简体   繁体   English

将字节数组转换为POD

[英]Cast array of bytes to POD

Let's say, I have an array of unsigned chars that represents a bunch of POD objects (eg either read from a socket or via mmap). 比方说,我有一组无符号字符代表一堆POD对象(例如从套接字或通过mmap读取)。 Which types they represent and at what position is determined at runtime, but we assume, that each is already properly aligned. 它们代表哪些类型以及在运行时确定的位置,但我们假设每个类型已经正确对齐。

What is the best way to "cast" those bytes into the respective POD type? 将这些字节“转换”为相应的POD类型的最佳方法是什么?

A solution should either be compliant to the c++ standard (let's say >= c++11) or at least be guaranteed to work with g++ >= 4.9, clang++ >= 3.5 and MSVC >= 2015U3. 解决方案应该符合c ++标准(比方说> = c ++ 11)或者至少可以保证使用g ++> = 4.9,clang ++> = 3.5和MSVC> = 2015U3。 EDIT: On linux, windows, running on x86/x64 or 32/64-Bit arm. 编辑:在Linux,Windows上运行x86 / x64或32/64位臂。

Ideally I'd like to do something like this: 理想情况下,我想做这样的事情:

uint8_t buffer[100]; //filled e.g. from network

switch(buffer[0]) {
    case 0: process(*reinterpret_cast<Pod1*>(&buffer[4]); break;
    case 1: process(*reinterpret_cast<Pod2*>(&buffer[8+buffer[1]*4]); break;
    //...
}

or 要么

switch(buffer[0]) {
    case 0: {
         auto* ptr = new(&buffer[4]) Pod1; 
         process(*ptr); 
    }break;
    case 1: {
         auto* ptr = new(&buffer[8+buffer[1]*4]) Pod2; 
         process(*ptr); 
    }break;
    //...
}

Both seem to work, but both are AFAIK undefined behavior in c++ 1) . 两者似乎都有效,但两者都是c ++中的AFAIK未定义行为1) And just for completeness: I'm aware of the "usual" solution to just copy the stuff into an appropriate local variable: 而且只是为了完整性:我知道将通常的东西复制到适当的局部变量中的“通常”解决方案:

 Pod1 tmp;
 std::copy_n(&buffer[4],sizeof(tmp), reinterpret_cast<uint8_t*>(&tmp));             
 process(tmp); 

In some situations it might be no overhead in others it is and in some situations it might even be faster but performance aside, I no longer can eg modify the data in place and to be honest: it just annoys me to know that I have the right bits at an appropriate location in memory but I just can't use them. 在某些情况下,它可能不是其他人的开销,在某些情况下甚至可能更快,但性能除外,我不再能够例如修改数据并且说实话:它让我很生气,知道我有右位在内存中的适当位置,但我不能使用它们。

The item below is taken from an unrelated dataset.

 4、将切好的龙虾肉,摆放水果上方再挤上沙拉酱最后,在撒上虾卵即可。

A somewhat crazy solution I came up with is this: 我想出的一个有点疯狂的解决方案是:

template<class T>
T* inplace_cast(uint8_t* data) {
    //checks omitted for brevity
    T tmp;
    std::memmove((uint8_t*)&tmp, data, sizeof(tmp));
    auto ptr = new(data) T;
    std::memmove(ptr, (uint8_t*)&tmp,  sizeof(tmp));
    return ptr;

}

g++ and clang++ seem to be able to optimize away those copies but I think this puts a lot of burden on the optimizer and might cause other optimizations to fail, doesn't work with const uint8_t* (although I don't want to actually modify it) and just looks horrible (don't think you would get that past code review). g ++和clang ++似乎能够优化掉那些副本,但我认为这会给优化器带来很多负担,并可能导致其他优化失败,不能用于const uint8_t* (尽管我不想实际修改它只是看起来很可怕(不要以为你会得到过去的代码审查)。

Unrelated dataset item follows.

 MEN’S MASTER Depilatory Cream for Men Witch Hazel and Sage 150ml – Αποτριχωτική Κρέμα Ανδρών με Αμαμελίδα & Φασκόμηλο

1) The first one is UB because it breaks strict aliasing, the second one is probably UB ( discussed here ) because the standard just says that the resulting object is not initialized and has indeterminate value (instead of guaranteeing that the underlying memory is untouched). 1)第一个是UB,因为它打破了严格的别名,第二个可能是UB( 这里讨论过 ),因为标准只是说生成的对象没有初始化并且具有不确定的值(而不是保证底层内存不受影响) 。 I believe the first one's equivalent c-code is well defined, so compilers might allow this for compatibility with c-headers, but I'm unsure of this. 我相信第一个等效的c代码是明确定义的,因此编译器可能允许这与c-header的兼容性,但我不确定这一点。

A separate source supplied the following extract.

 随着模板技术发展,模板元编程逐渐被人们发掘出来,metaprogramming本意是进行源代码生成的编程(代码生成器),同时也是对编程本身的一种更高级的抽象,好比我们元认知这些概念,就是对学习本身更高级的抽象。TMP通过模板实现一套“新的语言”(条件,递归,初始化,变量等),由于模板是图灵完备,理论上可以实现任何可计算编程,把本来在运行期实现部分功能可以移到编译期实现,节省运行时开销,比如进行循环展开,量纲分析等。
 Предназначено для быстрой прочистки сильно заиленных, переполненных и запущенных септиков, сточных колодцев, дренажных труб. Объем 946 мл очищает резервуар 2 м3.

The most correct way is to create a (temporary) variable of the desired POD class, and to use memcpy() to copy data from the buffer into that variable: 最正确的方法是创建所需POD类的(临时)变量,并使用memcpy()将数据从缓冲区复制到该变量中:

switch(buffer[0]) {
    case 0: {
        Pod1 var;
        std::memcpy(&var, &buffer[4], sizeof var);
        process(var);
        break;
    }
    case 1: {
        Pod2 var;
        std::memcpy(&var, &buffer[8 + buffer[1] * 4], sizeof var);
        process(var);
        break;
    }
    //...
}

There main reason for doing this is because of alignment issues: the data in the buffer may not be aligned correctly for the POD type you are using. 执行此操作的主要原因是对齐问题:缓冲区中的数据可能无法正确对齐您正在使用的POD类型。 Making a copy eliminates this problem. 制作副本可以消除这个问题。 It also allows you to keep using the variable even if the network buffer is no longer available. 即使网络缓冲区不再可用,它也允许您继续使用变量。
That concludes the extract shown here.